The conventions used for writing units are:

  • ^ for exponents, e.g. m^-2

  • * to combine two units by multiplication; e.g. m*s^-2.

  • / to combine two units by division;

  • u for μ (micro-)

For more on units notation, see Units Notation.

The unitsml() can take additional optional parameters, giving further information for the UnitsML to be generated:

  • unitsml(unit-string, quantity: ID) provides the UnitsDB identifier for the quantity being measured (taken from https://github.com/unitsml/unitsdb/blob/master/quantities.yaml). For example, unitsml(s, quantity: NISTq109) indicates that the second is used to measure period duration. If a single quantity is associated with the unit in UnitsDB (as given in https://github.com/unitsml/unitsdb/blob/master/units.yaml), that quantity is added automatically; otherwise, no quantity is added unless explicitly nominated in this way.

  • unitsml(unit-string, name: NAME) provides a name for the unit, if one is not already available from UnitsDB. For example, unitsml(cal_th/cm^2, name: langley).
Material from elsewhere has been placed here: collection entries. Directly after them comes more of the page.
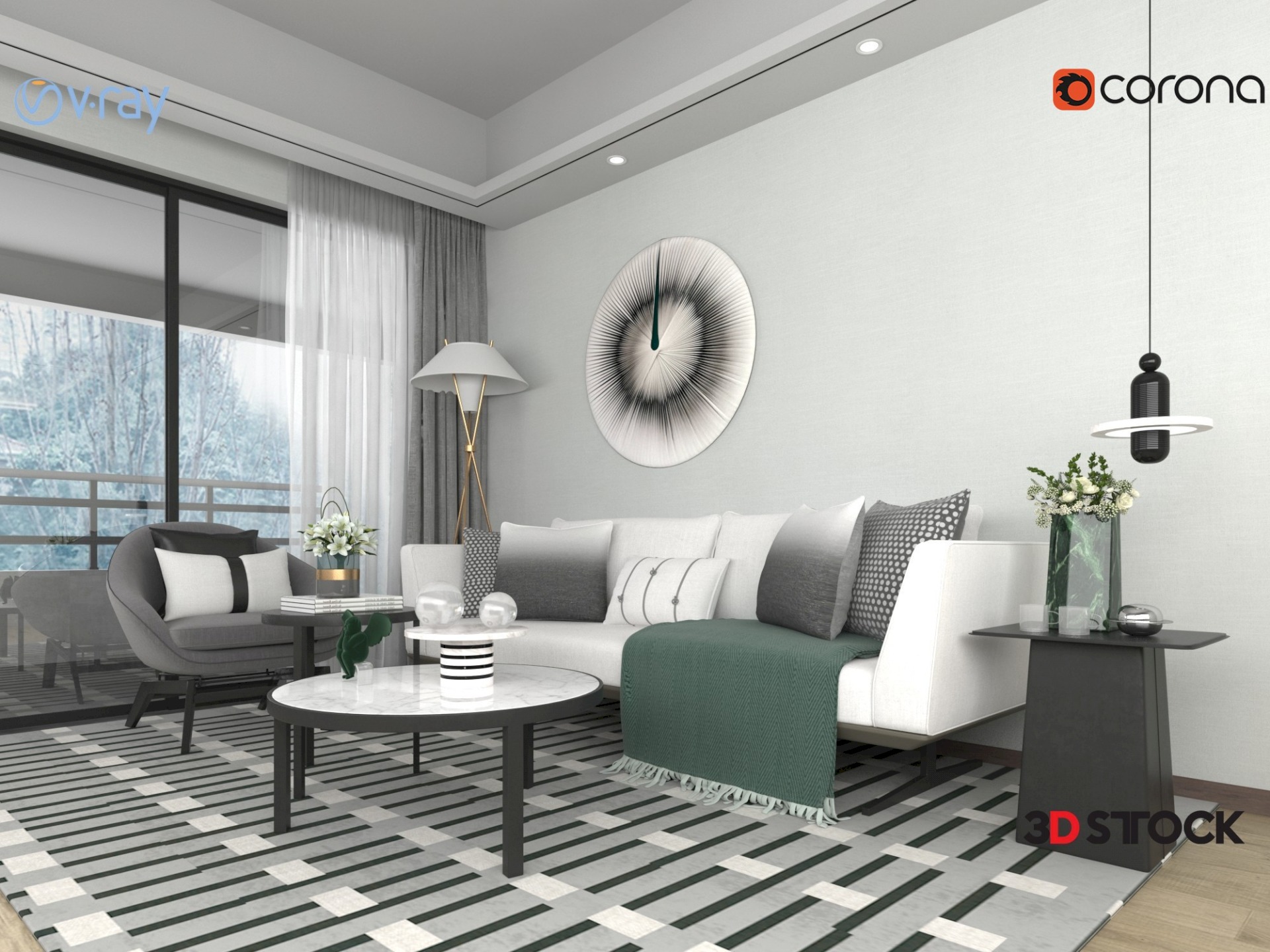 Living room set, white sofa, gray armchair, carpet, marble coffee table, duvet decor, pendant lighting, spot lighting, pillows, curtains, tulle.
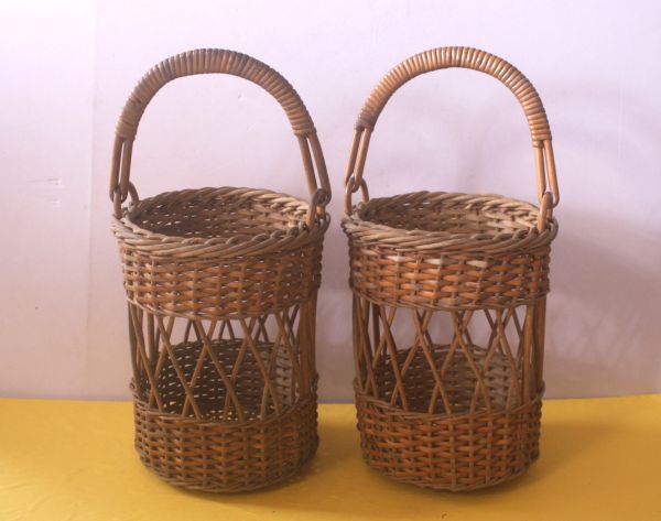 - 天然素材 ラタンの手提げ付き籠 2個セット ラウンド 持ち手つき かご 籐の籠 /26N6.5-61
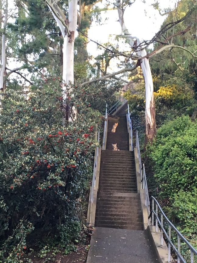 I never got to see its face. When I rolled down the window, it realized I was looking at it, and it decided to move along. In a minute, it scrambled up the hillside into Sutro Forest, and all that was left was a sound of scrabbling in the bushes.
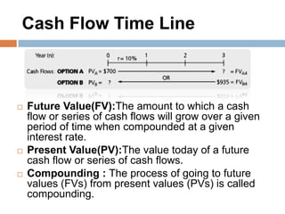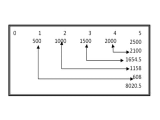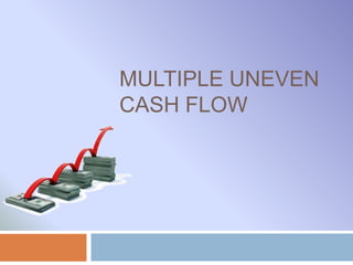 This document discusses calculating the present value and future value of multiple uneven cash flows. It provides the formulas for present value (PV) and future value (FV) of uneven cash flows. As an example, it calculates the PV of a cash flow of Rs. 1000, Rs. 1500, Rs. 800 and Rs. 400 over 4 years with an interest rate of 8%. It also provides an example to calculate the FV of deposits of Rs. 500, Rs. 1000, Rs. 1500, Rs. 2000, Rs. 2500 over 5 years with an interest rate of 5%.

  • unitsml(unit-string, symbol: SYMBOL) provides an alternate symbol for the unit, in AsciiMath. The unit-string gives the canonical representation of the unit, but SYMBOL is what will be rendered. For example, unitsml(cal_th/cm^2, name: langley, symbol: La), or unitsml(mm*s^-2, symbol: mm cdot s^-2). (All variables in SYMBOL are rendered upright, as is the default for units.)

  • unitsml(unit-string, multiplier: SYMBOL) provides an alternate symbol for the multiliper of units. The options are an XML entity, or the values space or nospace (for which see discussion under Usage).

Standalone prefixes can be recognised by replacing the unit with hyphen; so unitsml(p-) corresponds to the standalone prefix "pico" (and is rendered as "p").

The gem also supports fundamental units, e.g. unitsml(e) for the atomic unit of charge, e, and symbols for dimensions. The latter are entered as dim_XXX, where XXX is their established symbol:

Symbol Dimension

dim_L

Length

dim_M

Mass

dim_T

Time

dim_I

Electric Current

dim_Theta

Thermodynamic Temperature

dim_N

Amount of Substance

dim_J

Luminous Intensity

dim_phi

Plane Angle (dimensionless)

e.g. unitsml(dim_I) for the dimension of electric current, 𝖨.

Rendering

The output of the gem is MathML, with MathML unit expressions (expressed as <mi>, complying with MathML Units) cross-referenced to UnitsML definitions embedded in the MathML.

The gem follows the MathML Units convention of inserting a spacing invisible times operator (<mo rspace='thickmathspace'>⁢</mo>) between any numbers (<mn>) and unit expressions in MathML, and representing units in MathML as non-italic variables (<mi mathvariant='normal'>).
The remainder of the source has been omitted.